Слушание классической музыки – улавливание неуловимого, что кажется очень близким и почти осязаемым. Но при такой осязаемости явного смысла есть ли еще живая духовная субстанция у таких вещей, которые каждый слышит десятки и сотни раз, как Девятая симфония Бетховена или Четвертая Брамса. Дирижеры, а за ними слушатели, гадают, что же это такое скрывается за звуковым обликом вещи, которая – в суете концертной жизни – перед ними толкается сама о себя, превосходит сама себя, не достигает своего собственного уровня и, реально размноженная в неограниченном количестве экземпляров, странно похожа и не похожа сама на себя.
Непосредственность целостного восприятия не дана; целостность должна быть практически и актуально собрана, воссоздана из разошедшегося исторически.

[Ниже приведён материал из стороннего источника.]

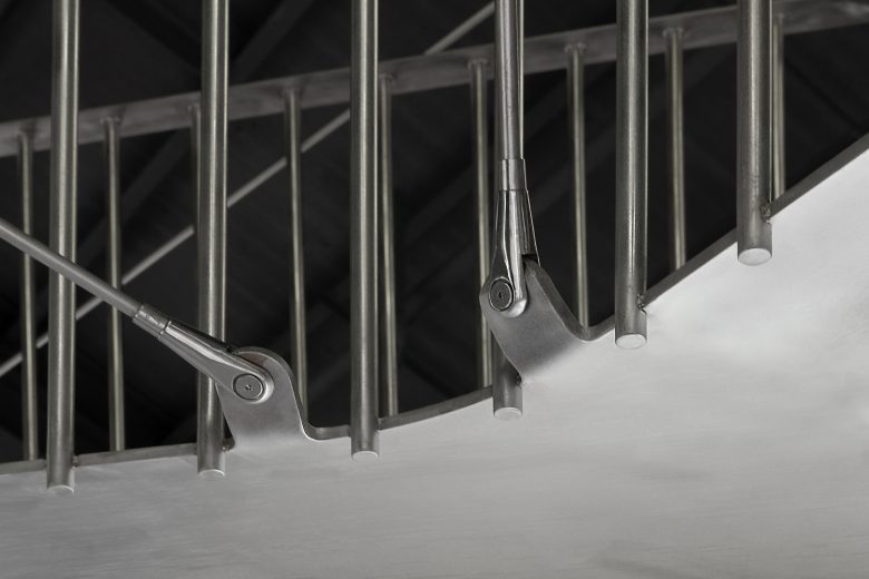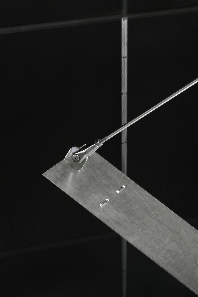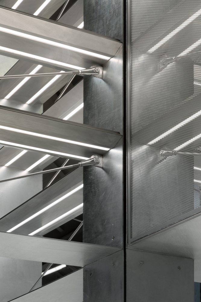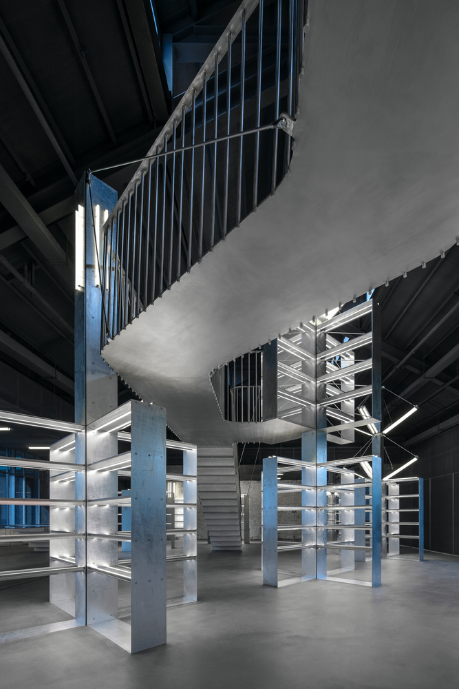 There are 11 cross-shaped display racks and an overpass arranged inside the factory building. The overpass adopts an ultra-thin beamless steel structure system. The whole overpass are made of one piece of 12mm-thick solid stainless steel plate, which is suspended from the central columns of several cross-shaped display racks via stay cables. Each cross-shaped display rack takes a metal frame as the basic unit. Shelves are built inside the frames for display purposes. Some racks cantilever a second layer of frames above with steel cables as the structure. The bottom of each cross-shaped display rack is flush with the ground and connected to the pre-embedded structural beams underneath. The display racks, the stay cable system and the overpass form a whole stable structure.
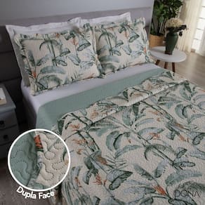 Kit Cobre Leito Colcha Casal Dupla Face Amazônia 3 Peças - Cobre Leito Casal Dupla Face
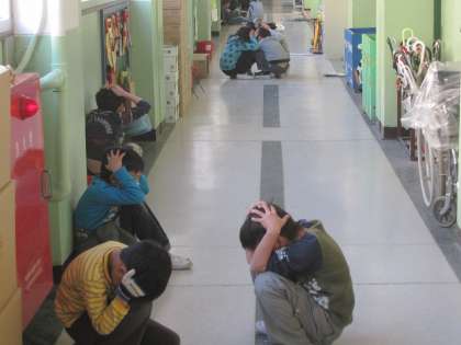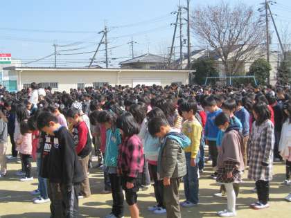 3月11日に避難訓練が行われました。今回は,地震が起こり,家庭科室より出火という設定で行いました。地震はいつどこで起きるか分かりません。その時その時のとっさの判断が生死を分けるということもあります。そこで,今回は授業中でなく,清掃時間に行いました。階段にいる子,トイレにいる子,中庭にいる子など,様々です。それぞれが放送を聞いて動かなければいけません。初めての試みだったのですが,全員無事に運動場に避難することができました。
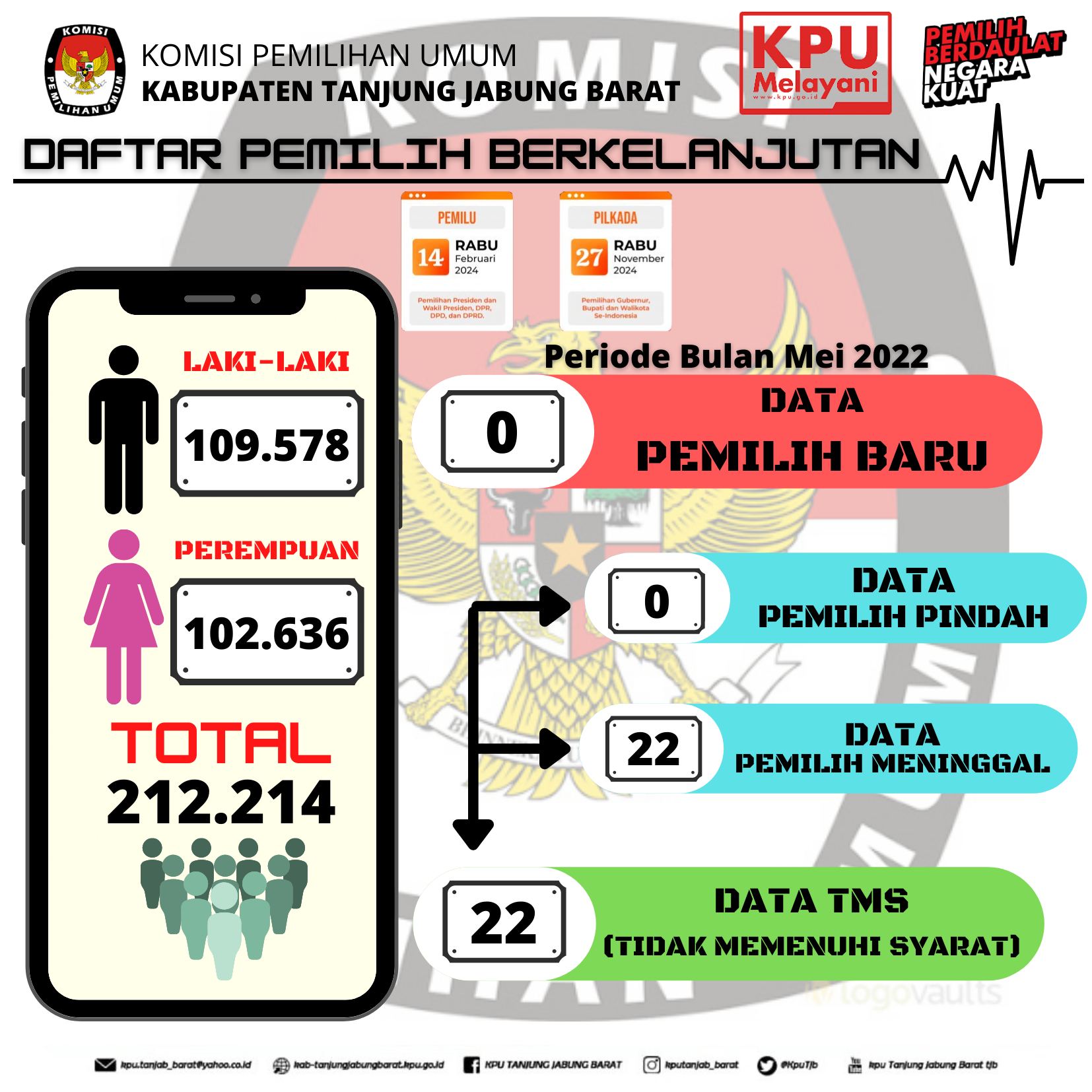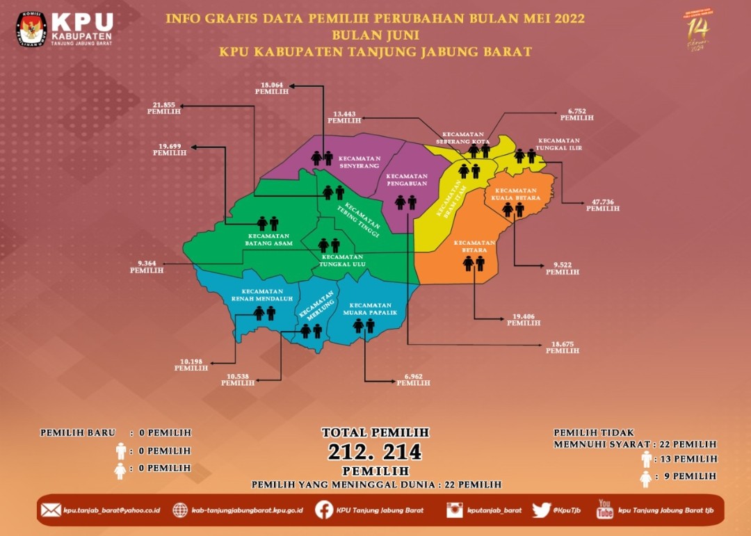 Berdasarkan ketentuan Peraturan Komisi Pemilihan Umum Nomor 6 tanggal 11 bulan November tahun 2021 perihal Pemutakhiran Data Pemilih Berkelanjutan, hasil Rapat Pleno yang dilakukan oleh KPU Kabupaten Tanjung Jabung Barat menghasilkan hal sebagai berikut, yaitu Pemilih Tidak Memenuhi Syarat dengan jumlah sebanyak 22 (Dua Puluh Dua) pemilih dengan rincian pemilih laki-laki berjumlah 13 (Tiga Belas) pemilih dan pemilih perempuan berjumlah 9 (Sembilan) pemilih, tersebar di 13 (Tiga Belas) Kecamatan.
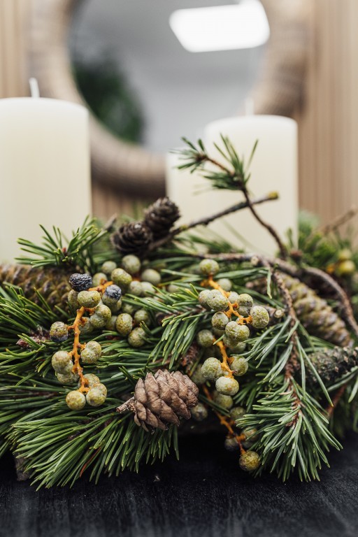 Sorgfältig gefertigt aus Pinus-Mugo-Zweigen, italienischen Pinienzapfen, Zederzapfen und Seedatteln, bringt er eine warme, natürliche Eleganz in dein Zuhause.

Все это и означает, что эстетический объект, который, положим, нужно воспринимать только как процесс, уже задан как объект, т.е. как уже-ставшее; далее это означает, что эстетический объект воспринимается уже не только как таковой, как процесс, как последовательность и как живой смысл, но и одновременно наряду с этим как уже-существующее и объективированное, в общем, как то, что реализуется, что на практике, как оказывается, часто сводится просто к "представлению" произведения как своей записи, как текста – как нотного текста.
Запись и текст явно приобретают тогда черты самодовлеющего, стоит осознать, как мы реально воспринимаем отношение музыки прошлого и ее текста, но следует ли смешивать это с отчуждением вообще? Если да, то тогда нужно оставить попытки в полном смысле слова "понимать" эту музыку. У Адорно к отчуждению всегда примешивается социально-негативный момент, но тогда и вся история есть именно в этом негативном смысле отчуждение. Следовательно, – а это предельно важно! – такое произведение уже актуально не есть нечто цельное, следовательно, не есть только процесс, а есть актуализация, актуальное разведение, разобщение двух верхних слоев произведения музыки. Об этом говорит и сам Адорно, имея в виду примерно то же, когда называет один из слоев условно музыкой (что можно сопоставить с текстом, записью, как последовательностью подлежащих реализации дискретных элементов музыки), а другой – тем, что больше, нежели музыка (т.е. смыслом, снятием дискретных элементов в целостном "континууме" – в смысле целого).